Later, someone came up with the idea to put a chain on the cymbals. It was hanging all over the cymbal damping it. The effect was nice too, but it muffled the treble too much. The patent I use I saw a long time ago in America, probably from Victor Lewis. I stick a piece of band aid, and on top a dime - believe me, I've tried different coins and a dime sounds the best. The coin vibrates when I am playing and selectively dampens some of the sound.

Session I

⸜ WICIU • KTS I liked the tape better, even though I don't have it at home, I play music from CDs. the tape just sounded more natural. The saxophone was more three-dimensional, and the bass was clearer and warmer. Physiologically, it was something more pleasant. It's hard to describe, but my preferences are clear.

⸜ TOMEK • KTS I liked both sources, with the tape being slightly preferred. It was interesting that with the CD the space was bigger, everything was more scattered in stereo. It is accurate, precise and everything is where it needs to be. In turn, the tape has its "analog charm" and nice timbres, it is very pleasant to listen to. I will also say that the sound is very good today and I like it.

⸜ JAREK To be honest, thinking about how to put together today's system, I decided that the main idea would be active loudspeakers, which received from Wojtek the High Fidelity Award for 2022. I wanted us to listen to the tape on a relatively inexpensive system and answer the question whether in such a situation the tape still crushes the CD.

The comparison was very interesting and depending on which instruments I focused on, I liked the tape or the CD more. From the tape the Hammond sounded great because it was a Hammond organ, right?

⸜ ADAM That’s right, my own Hammond B-3.

⸜ JAREK It was beautiful. You could hear all the stuff that the organist was doing - it disappeared on the CD. But, on the other hand, the drums were better on CD, and a bit lost on the tape. The cymbals sounded particularly good from the disc, on the tape they were withdrawn and warmed up. The space was also very good. So I guess it is safe to say that the CD did not turn out to be a flop, and the tape ruled. So I don't have to sell a kidney.

⸜ RYSIEK B. I have mixed feelings. In some aspects, like the aforementioned drums, the CD sounded better, while the bass was definitely better from the tape, because it was controlled. The timbre range of the saxophone was also wider on the tape. The CD has been mastered in such a way that the upper midrange sounds impressive. It is impressive, but does not show the entire spectrum of instruments. But thanks to this, the CD told more about the details.
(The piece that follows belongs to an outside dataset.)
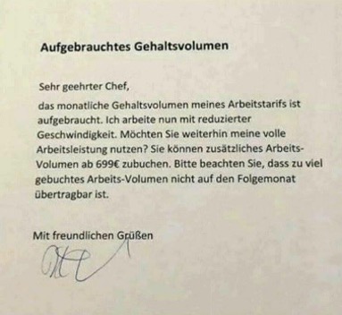 in unserem Arbeitsvertrag ist eine wöchentliche Arbeitszeit vereinbart. Das monatliche Gehaltsvolumen erreicht die Maximalgrenze der sich daraus ergebenden Arbeitsleistung und ist damit aufgebraucht. Ich erbringe ab dem Tag dieser Information zu Grunde liegenden aufsummierten Arbeitszeiten1 maximal eine Anwesenheitsleistung im MobileOffice bei eingeschaltetem, nicht angemeldetem Firmen-Rechner. Die Anwesenheitsleistung ist nicht verhandelbar und beschränkt sich auf die Zeiträume zwischen den Zwischenmahlzeiten zwischen Frühstücks- und Mittagspause.

Anyway, if I were to listen to it for a long time, I would chose the tape recorder.

⸜ DAMIAN I also have mixed feelings. With the Gdy śliczna panna carol I liked the tape better. It’s sound was coherent, homogeneous and more natural. The instruments were clearly audible, but with Jezus malusieńki the CD showed something more. The whole "work" was done by the cymbals, sounding much better, more resolving and legible. Only I am not sure if this is not the effect of the CD "jumping out" with the upper midrange. It's really impressive sound, but in the long run I would choose a tape recorder.
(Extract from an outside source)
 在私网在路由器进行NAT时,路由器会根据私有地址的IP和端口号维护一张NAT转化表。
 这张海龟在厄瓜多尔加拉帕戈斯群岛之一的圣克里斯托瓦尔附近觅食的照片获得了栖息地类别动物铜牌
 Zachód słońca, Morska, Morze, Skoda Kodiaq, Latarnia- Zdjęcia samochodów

⸜ JULEK After the emotions stirred by the last meeting, I fell into the "delight and appreciation" mode for everything I hear :) That's why I think that both the tape recorder and the CD sounded great and I liked both very much. The tape-recorded is closer to my heart due to the timbre and harmonics, but the CD sounded really nice.

⸜ ADAM I'm going to be biased because I heard this recording in the studio. CD mastering is of course different, you can hear the electronics involved in its preparation. That's why the treble sounds stronger, the space is different, etc. Some people like it, but for me it's not the right image for this session. I can still listen to it, but only briefly.

Session II

⸜ RYSIEK S. The tape - this is what live music sounds like, I felt like I was in a club. I swear - I was at a club show right now, the tape just sounds amazing.
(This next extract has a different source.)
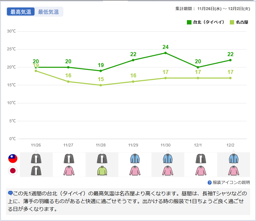 天気、気温の確認
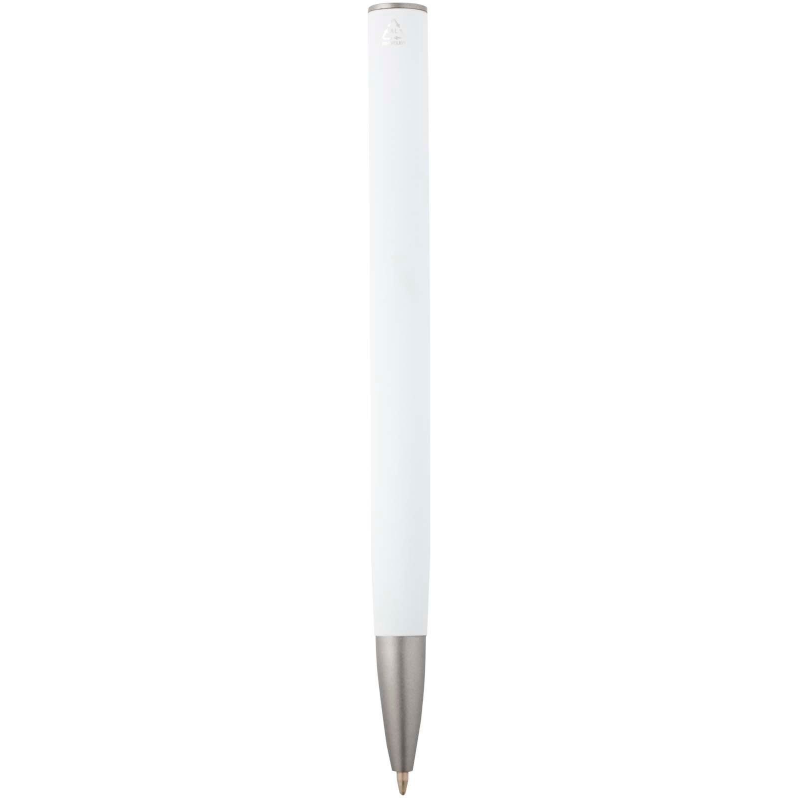 Stylo bille avec un corps en aluminium recyclé et un clip argenté en plastique ABS. Couleur de l’encre : Bleue. Longueur d’écriture : 800 mètres. Taille de la plume : 1,0 mm.

⸜ JAREK And what I heard here was a strong compression obtained by saturation of the tape - I mean the compression of the sound attack.

⸜ ADAM I can’t agree that it's compression. It's the dynamics of the tape, that's the role of the tape.

⸜ WOJTEK It was interesting for me, Adam, that you didn't dominate these recordings, that you gave space for everyone else, and you remained in the shadows.

⸜ ADAM Drums are an accompanying instrument, not a solo one :)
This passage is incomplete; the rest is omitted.